DATASET EXTRACT

Segment Open

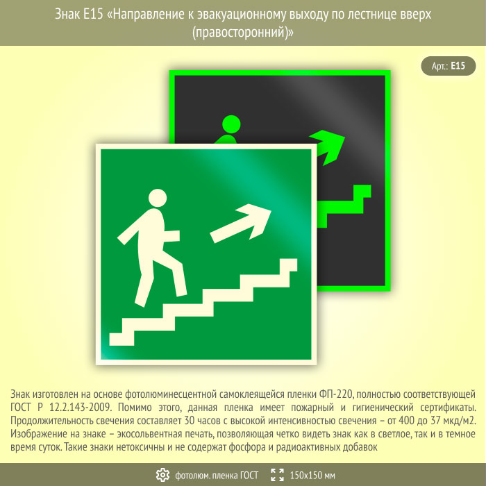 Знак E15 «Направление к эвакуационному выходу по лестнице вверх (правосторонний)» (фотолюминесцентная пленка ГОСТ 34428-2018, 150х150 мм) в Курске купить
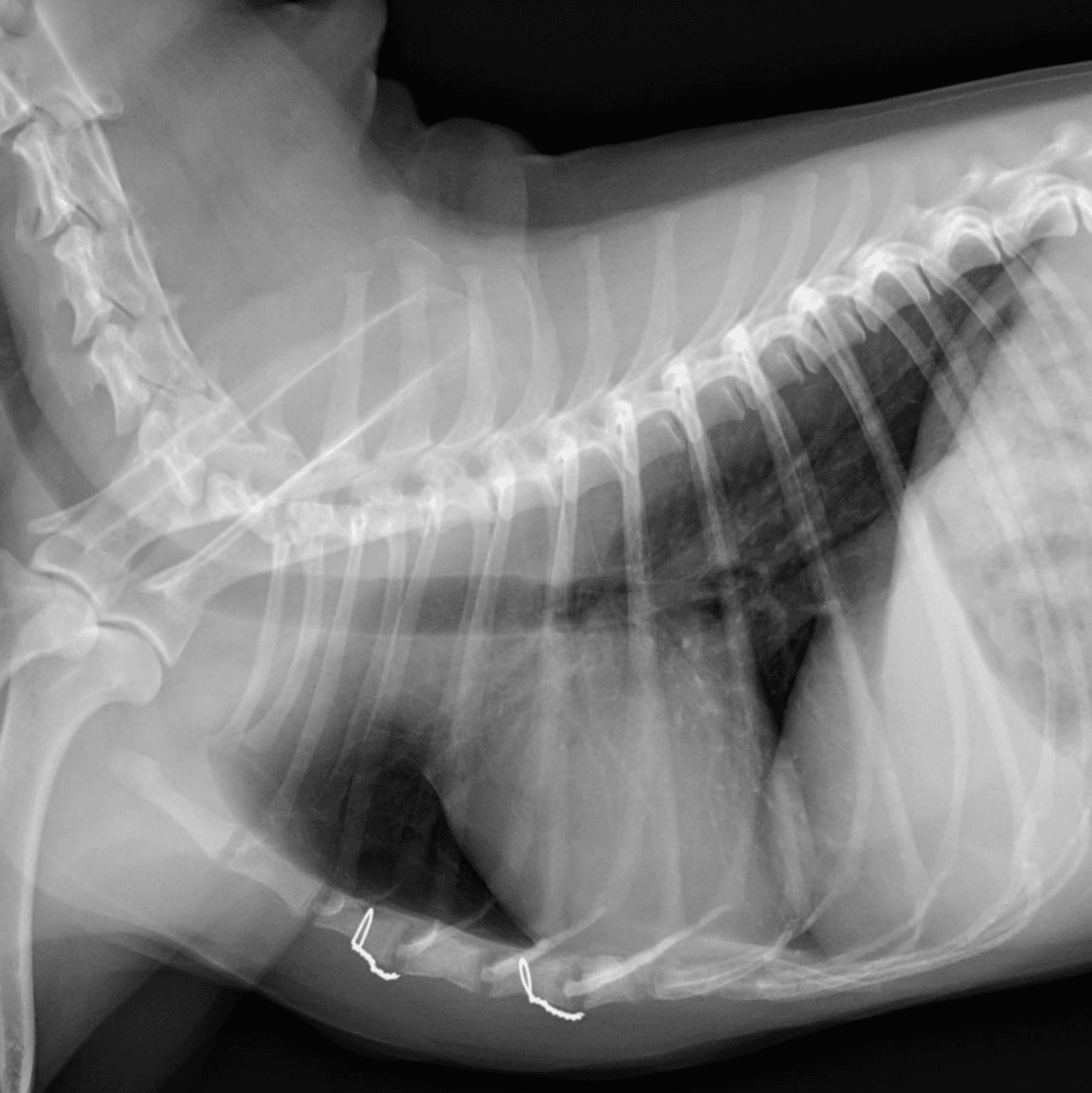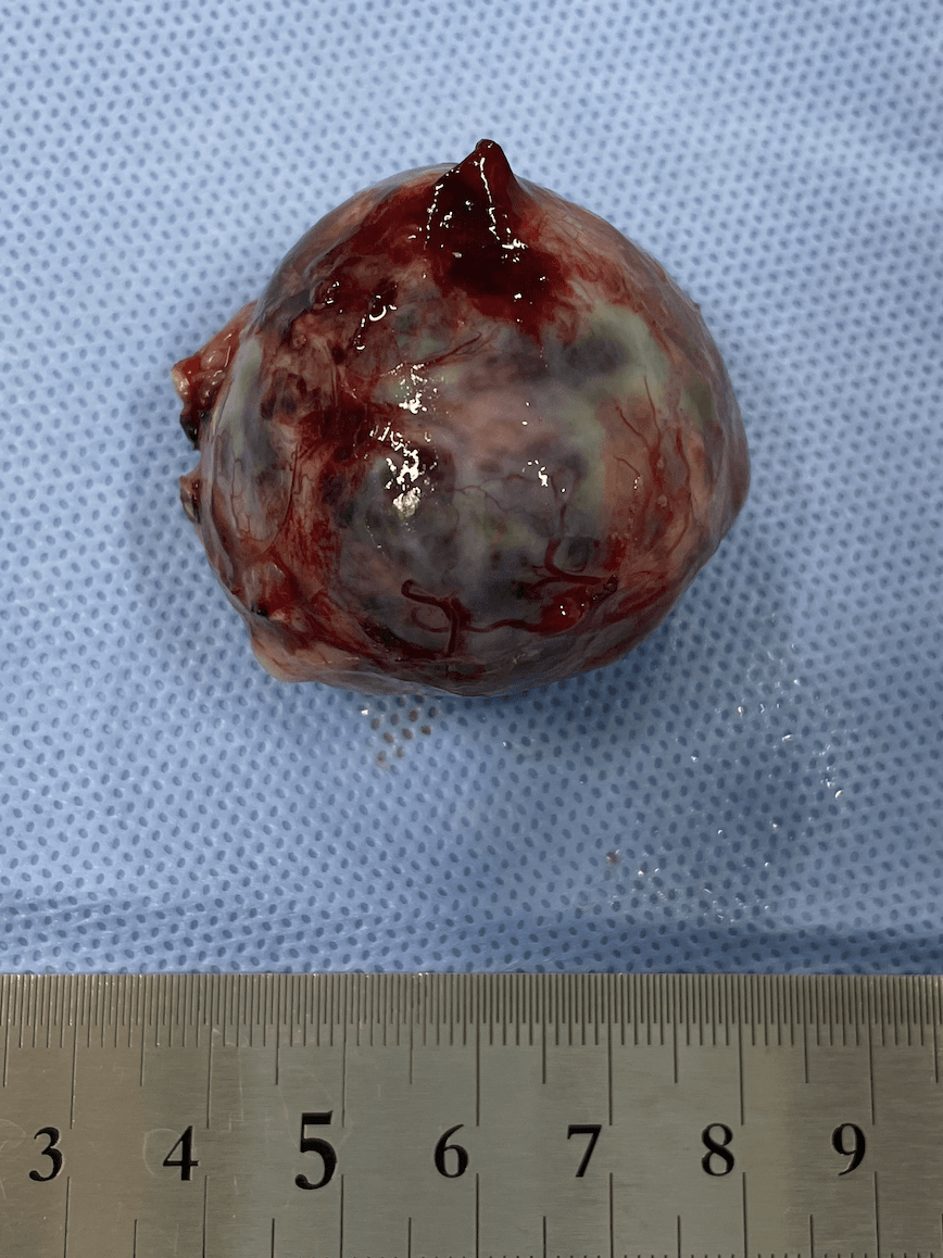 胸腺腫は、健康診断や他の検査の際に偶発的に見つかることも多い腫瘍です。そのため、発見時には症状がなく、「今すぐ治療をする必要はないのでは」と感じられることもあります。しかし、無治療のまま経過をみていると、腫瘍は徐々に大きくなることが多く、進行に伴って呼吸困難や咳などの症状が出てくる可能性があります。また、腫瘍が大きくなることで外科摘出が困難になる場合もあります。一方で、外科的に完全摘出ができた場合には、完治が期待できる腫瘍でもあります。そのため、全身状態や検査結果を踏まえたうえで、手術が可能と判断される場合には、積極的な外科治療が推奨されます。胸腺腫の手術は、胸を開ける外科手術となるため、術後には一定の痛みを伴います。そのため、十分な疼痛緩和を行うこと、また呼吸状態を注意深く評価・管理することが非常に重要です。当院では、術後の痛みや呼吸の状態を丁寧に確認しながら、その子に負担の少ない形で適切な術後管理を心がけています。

Segment Closed
Segment Open

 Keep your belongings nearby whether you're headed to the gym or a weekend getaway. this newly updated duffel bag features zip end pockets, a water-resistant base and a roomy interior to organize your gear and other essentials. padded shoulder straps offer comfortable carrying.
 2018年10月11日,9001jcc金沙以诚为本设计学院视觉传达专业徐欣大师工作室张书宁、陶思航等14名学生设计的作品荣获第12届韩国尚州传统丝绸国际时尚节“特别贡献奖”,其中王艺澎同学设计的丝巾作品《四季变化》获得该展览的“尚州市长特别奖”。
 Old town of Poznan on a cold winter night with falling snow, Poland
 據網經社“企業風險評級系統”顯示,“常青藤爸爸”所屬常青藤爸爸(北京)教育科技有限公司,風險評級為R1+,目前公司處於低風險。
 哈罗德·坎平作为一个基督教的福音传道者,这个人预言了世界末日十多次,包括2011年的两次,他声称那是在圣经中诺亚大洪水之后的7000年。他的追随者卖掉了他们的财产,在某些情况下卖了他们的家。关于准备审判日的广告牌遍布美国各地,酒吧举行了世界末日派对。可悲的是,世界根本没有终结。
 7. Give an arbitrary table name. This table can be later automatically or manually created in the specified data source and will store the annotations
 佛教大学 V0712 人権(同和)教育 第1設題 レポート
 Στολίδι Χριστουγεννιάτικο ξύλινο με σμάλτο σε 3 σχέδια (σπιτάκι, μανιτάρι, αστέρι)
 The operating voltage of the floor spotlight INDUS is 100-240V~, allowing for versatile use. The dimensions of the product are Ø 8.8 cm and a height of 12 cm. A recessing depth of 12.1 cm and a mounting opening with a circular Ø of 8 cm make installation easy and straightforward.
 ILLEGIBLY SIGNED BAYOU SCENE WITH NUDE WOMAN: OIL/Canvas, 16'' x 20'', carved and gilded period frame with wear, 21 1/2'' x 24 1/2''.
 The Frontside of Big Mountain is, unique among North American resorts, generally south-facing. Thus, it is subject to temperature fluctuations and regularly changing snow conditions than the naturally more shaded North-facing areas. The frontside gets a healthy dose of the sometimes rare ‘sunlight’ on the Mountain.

Segment Closed
Segment Open

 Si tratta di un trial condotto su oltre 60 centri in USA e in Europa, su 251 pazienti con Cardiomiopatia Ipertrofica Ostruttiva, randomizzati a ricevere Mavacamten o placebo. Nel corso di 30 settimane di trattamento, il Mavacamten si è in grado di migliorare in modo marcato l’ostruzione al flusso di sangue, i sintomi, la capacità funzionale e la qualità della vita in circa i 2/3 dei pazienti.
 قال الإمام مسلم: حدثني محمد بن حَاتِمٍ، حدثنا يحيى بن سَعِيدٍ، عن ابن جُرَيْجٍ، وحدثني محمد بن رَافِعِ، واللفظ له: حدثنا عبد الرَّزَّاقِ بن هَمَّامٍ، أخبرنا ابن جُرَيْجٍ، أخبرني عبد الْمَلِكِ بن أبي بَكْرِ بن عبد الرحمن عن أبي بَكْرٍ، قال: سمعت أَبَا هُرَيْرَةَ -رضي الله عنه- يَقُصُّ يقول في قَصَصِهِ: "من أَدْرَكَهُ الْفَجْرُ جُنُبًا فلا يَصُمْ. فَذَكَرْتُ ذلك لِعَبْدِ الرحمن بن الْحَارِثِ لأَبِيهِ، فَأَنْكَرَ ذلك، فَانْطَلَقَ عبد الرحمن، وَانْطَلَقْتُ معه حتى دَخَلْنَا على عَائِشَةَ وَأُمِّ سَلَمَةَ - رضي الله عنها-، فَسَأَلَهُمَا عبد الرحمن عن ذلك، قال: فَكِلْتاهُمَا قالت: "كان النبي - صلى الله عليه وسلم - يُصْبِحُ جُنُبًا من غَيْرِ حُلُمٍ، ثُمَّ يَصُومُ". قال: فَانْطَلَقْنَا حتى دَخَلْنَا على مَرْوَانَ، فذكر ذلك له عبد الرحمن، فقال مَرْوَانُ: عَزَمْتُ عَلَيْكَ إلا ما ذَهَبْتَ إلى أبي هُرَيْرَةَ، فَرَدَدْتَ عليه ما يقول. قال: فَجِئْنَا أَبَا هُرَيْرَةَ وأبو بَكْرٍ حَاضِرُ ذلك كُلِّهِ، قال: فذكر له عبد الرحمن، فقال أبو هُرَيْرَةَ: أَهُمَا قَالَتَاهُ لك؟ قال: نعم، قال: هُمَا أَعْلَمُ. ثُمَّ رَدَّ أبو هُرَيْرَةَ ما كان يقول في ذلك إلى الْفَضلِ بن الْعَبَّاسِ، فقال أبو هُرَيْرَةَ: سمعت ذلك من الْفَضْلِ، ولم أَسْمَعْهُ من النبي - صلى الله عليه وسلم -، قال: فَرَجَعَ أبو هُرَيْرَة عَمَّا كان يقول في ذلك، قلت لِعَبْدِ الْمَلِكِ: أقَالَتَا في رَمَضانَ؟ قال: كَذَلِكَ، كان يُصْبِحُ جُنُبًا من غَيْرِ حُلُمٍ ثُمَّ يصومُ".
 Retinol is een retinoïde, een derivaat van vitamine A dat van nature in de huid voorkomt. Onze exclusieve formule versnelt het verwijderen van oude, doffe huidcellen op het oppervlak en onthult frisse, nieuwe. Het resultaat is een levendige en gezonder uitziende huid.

Segment Closed

YOUR OBJECTIVE
Could you report how many lines in the data above include the word "snow"? Give the number and nothing more.

SOLUTION TO THIS PROBLEM
2